Kyle Merry, Sandia National Laboratories; John Ossorgin, Sandia National Laboratories; Zachary Mekus, Sandia National Laboratories
Keywords: ML/AI, SDA, Transformer, Swin Transformer, Convolutional Neural Network, CNN, Feature Extraction, Backbone
Abstract:
The computer vision community is continuously developing new architectures and methodologies for neural network processing of imagery, but not all these advancements are transferable to Space Domain Awareness (SDA). Many of the popular neural network components and best practices, such as choices in normalization, preprocessing, can have negative effects on a neural network’s ability to process SDA data. Of particular interest are decisions in the feature extraction, or “backbone” layers of a neural network, which can prevent it from capturing the salient information in an SDA scene. In this paper, we analyze several popular architecture choices, observe their effects on a model’s performance against SDA image processing tasks, and make recommendations for designing backbone architectures for processing SDA data.

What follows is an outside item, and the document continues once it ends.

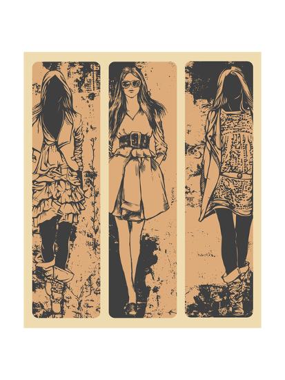 Vertical Banners With Female Fashion Models Drawing Style Vector Illustration Art Print By Jumpingsack Art Com

Neural networks provide state-of-the-art performance for nearly all common image processing tasks, such as detection, segmentation, classification, and de-noising. However, most of the publications and improvements to these models focus on the kind of imagery common on social media. Imagery of people, buildings, and vehicles taken from a camera phone differ fundamentally from the type of imagery produced for SDA, and models differ accordingly. Model architectures codify assumptions about the data that they process, such as scale, pixel value distribution, feature size, and object shapes. Many of the commonly available backbone models include components which rely on properties that are not present in SDA imagery can prevent a network from learning its task. By identifying these components and potential alternatives, we can modify advanced image processing architectures to improve their suitability to SDA. In comparison to social media or ImageNet-like imagery, SDA imagery are sparse, have high dynamic range, small features and thin objects that occupy few of the pixels in their bounding box. Sparse, high dynamic range imagery interacts poorly with the most popular normalization layers. SDA neural networks must survey large, high-resolution images while perceiving small, pixel-scale features.
In this paper, we consider components that are common in backbone models designed for ImageNet-like and remote sensing data, such as preprocessing, attention, and normalization layers, and aspects such as receptive field. We analyze the suitability of these components to processing SDA data and identify practices that significantly hinder or enhance performance. We provide recommendations for modifying popular image processing backbone models to improve their performance on SDA data, and a recommended backbone model architecture designed for general-purpose SDA image processing.
Date of Conference: September 17-20, 2024
Track: Machine Learning for SDA Applications